REsp 1.798.705-SC, Rel. Min. Paulo de Tarso Sanseverino, Terceira Turma, por unanimidade, julgado em 22/10/2019, DJe 28/10/2019

ACÓRDÃO QUE ADMITE OU INADMITE INCIDENTE DE RESOLUÇÃO DE DEMANDAS REPETITIVAS É IRRECORRÍVEL

Primeiramente, os Ministros do STJ embasaram a decisão no artigo 976, §3º, do Novo Código de Processo Civil, que prevê expressamente a possibilidade de instaurar novo IRDR, caso o primeiro Incidente não tenha cumprido os requisitos de admissibilidade.

Ademais, fundamentaram no sentido de que o novo código processual restringiu ao máximo a recorribilidade para o Supremo Tribunal Federal e para o Superior Tribunal de Justiça, prevendo recurso no caso de IRDR apenas quando resolvido o mérito, nos termos do artigo 987, caput, do Novo Código de Processo Civil.

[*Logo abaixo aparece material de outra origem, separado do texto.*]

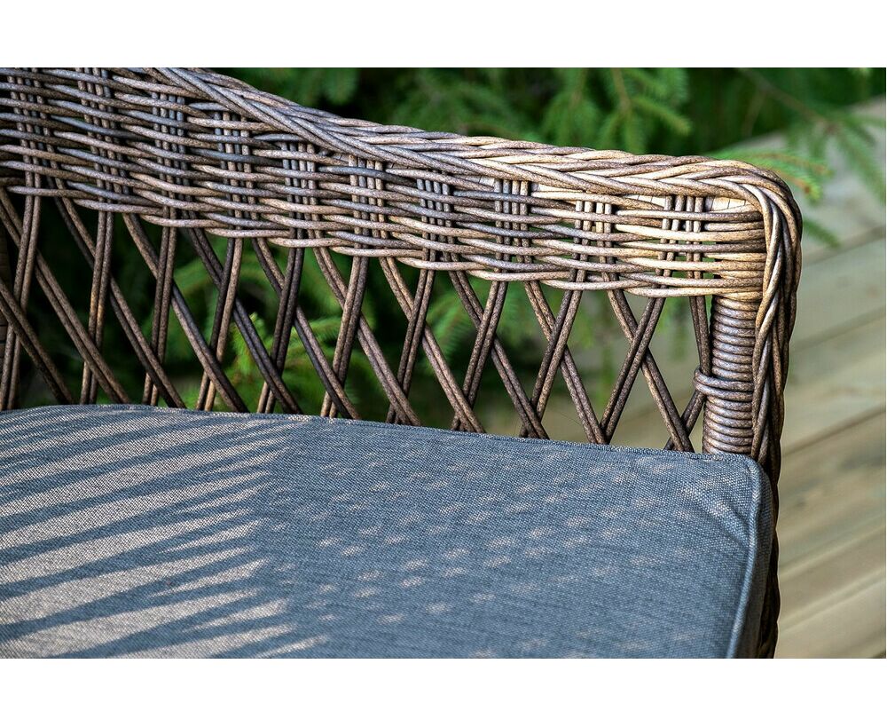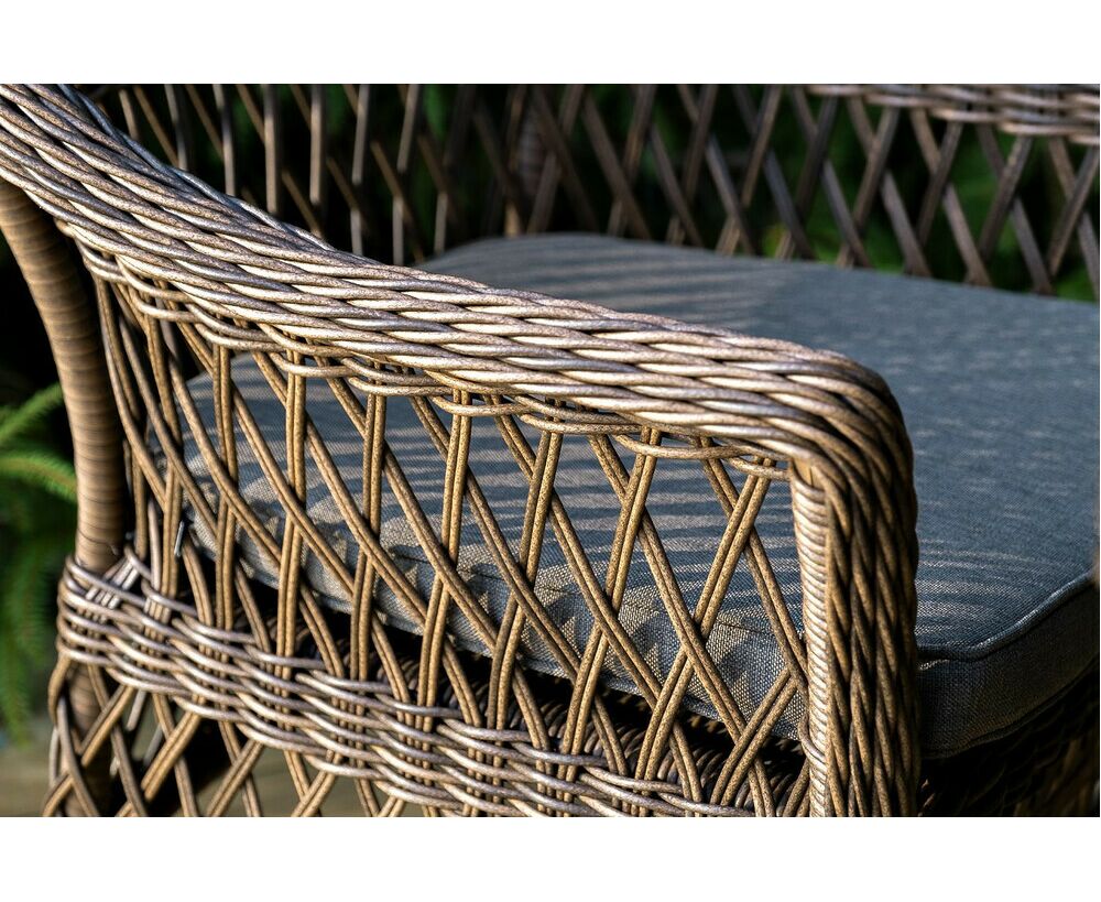 Мебель имеет надежный каркас из легкого алюминия. Изделия дополнительно оплетены ручным методом круглым искусственным ротангом натурального коричневого цвета.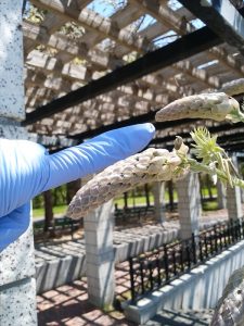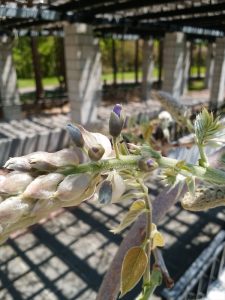 さて、久々に良い天気で草木も生長真っ最中です。フジのツボミの状態をみてみますと……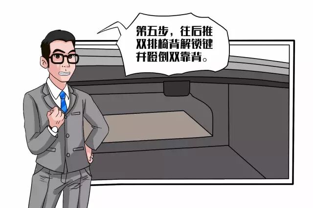 当双排椅背解锁后,可以顺势蹬倒双靠背,如果没有一次性蹬倒,可试着多蹬几次。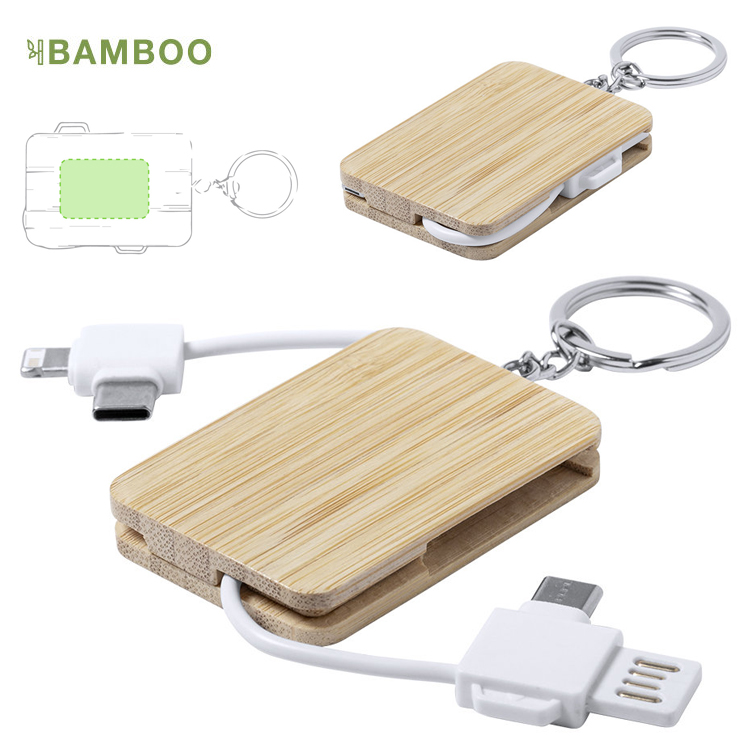 Cargador llavero de línea nature y diseño compacto. Hecho en bambú procedente de cortes naturales. Conexiones Tipo C (entrada y salida) y dual micro USB-Lightning, con sistema USB reversible que facilita la conexión a la fuente de alimentación. Amplia superficie de marcaje. Presentado en bolsa individual autocierre de diseño eco. Conexión Micro USB, Tipo C y Lightning 5V DC 2.0A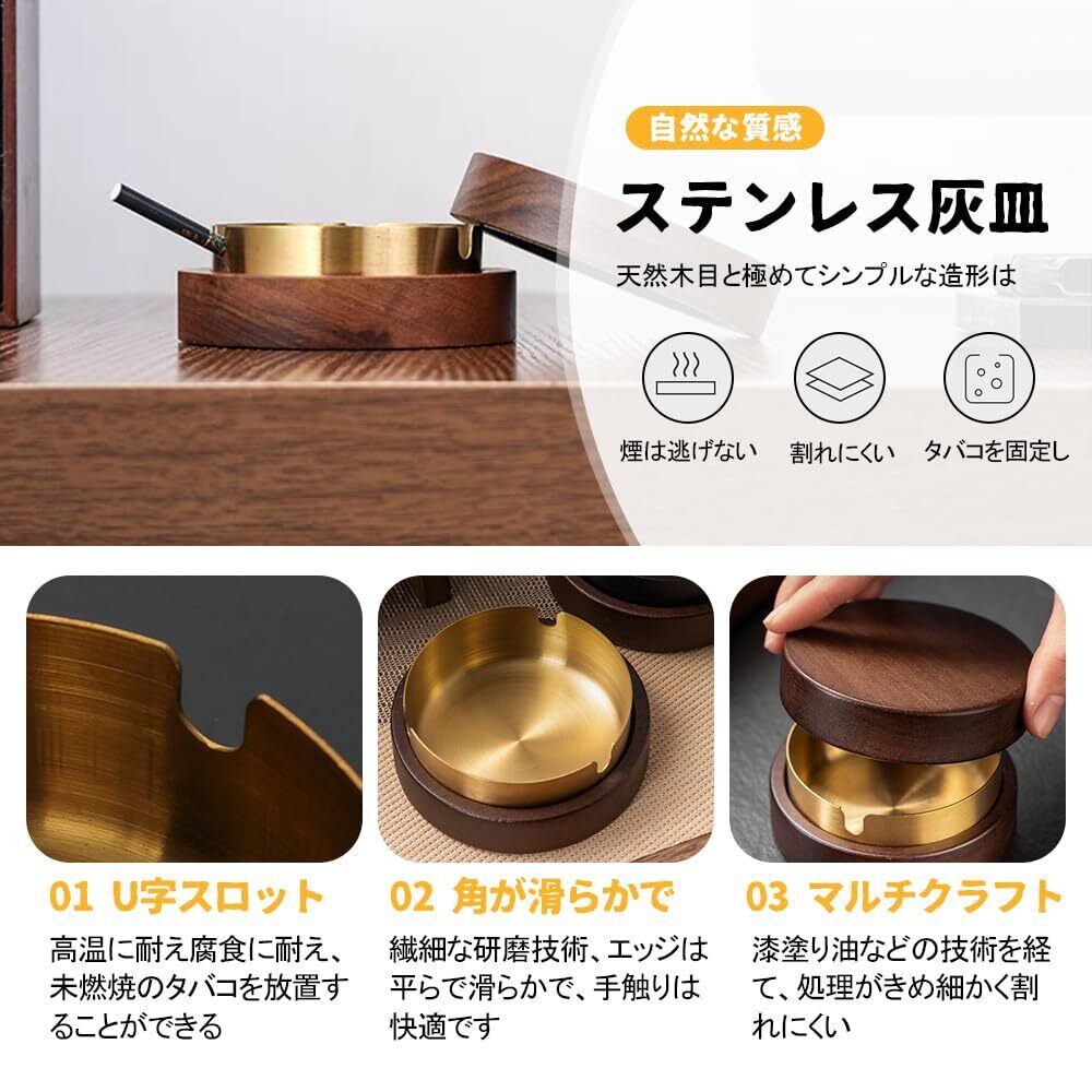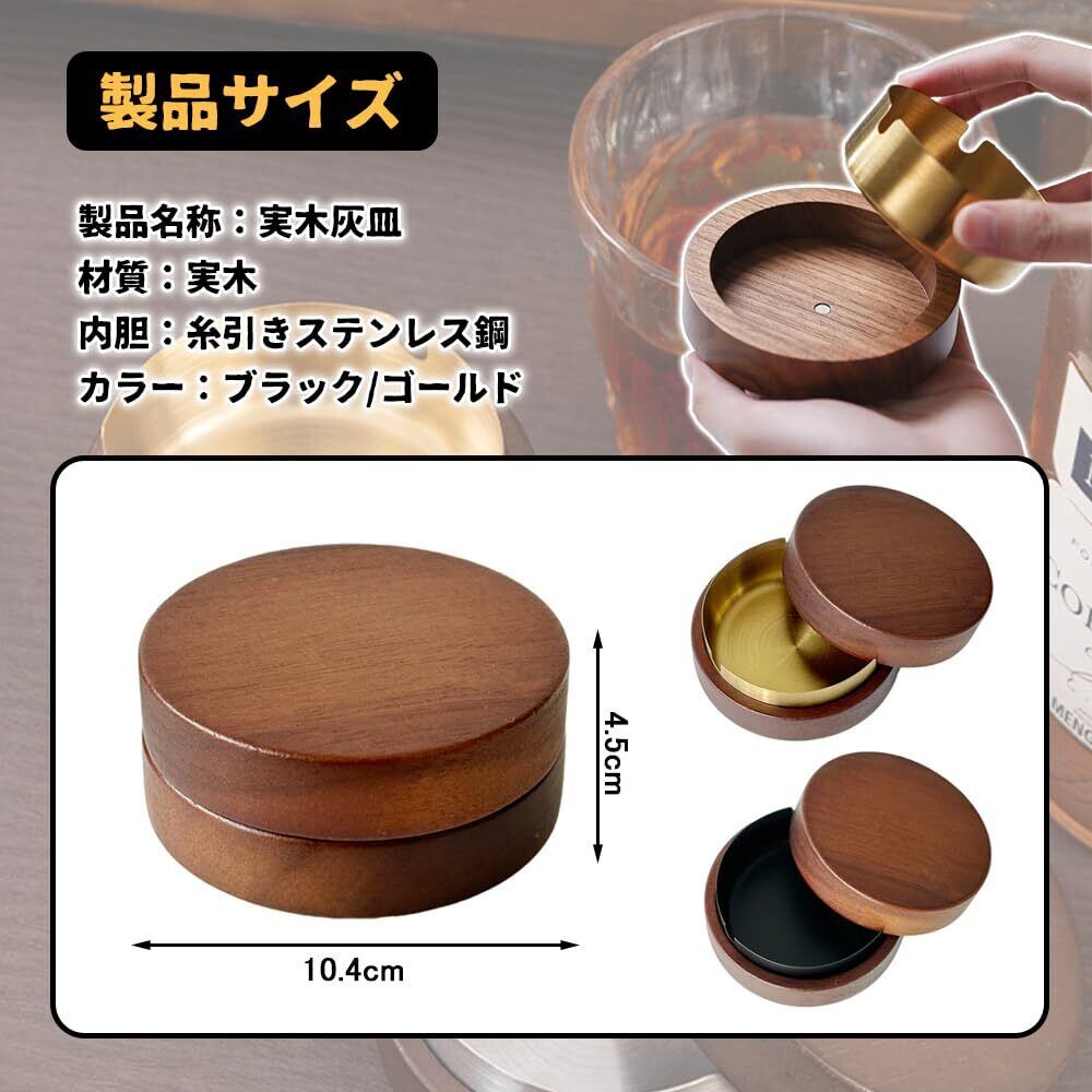 UrbanPulse ふた付き 灰皿 ステンレス × 木製 防臭 密閉 卓上 屋外 室内 携帯可能 洗い可能 灰捨て簡単 ステンレス受け皿 インテリア 雑貨 喫煙具 プレゼント ギフト 葉巻 喫煙具 オフィス 卓上 タバコ用灰皿 (ゴールド)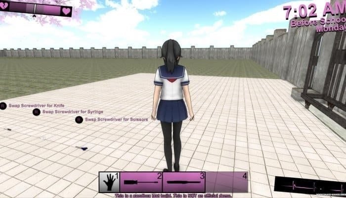 Центром событий в Yandere Simulator становится «Akademi High School». Здесь вы возьмете на себя роль яндэрэ-тян — Аяно Айси, чья страсть перерастает в опасную одержимость. Ради любви к Таро Ямаде, она готова на всё. Каждую неделю в сэмпая влюбляются другие ученицы, и у них есть 5 дней, чтобы признаться в чувствах. В пятницу они подойдут к нему, а ваша задача — устранить соперниц. Первая в списке — Осана Надзими.

Assim, por não enfrentar o mérito e não ser definitivo o acordão que admite ou inadmite o IRDR, e pelo fato de poder intentar novo Incidente para sanar eventuais condições de admissibilidade, decidiu o Superior Tribunal de Justiça pela irrecorribilidade em tais casos.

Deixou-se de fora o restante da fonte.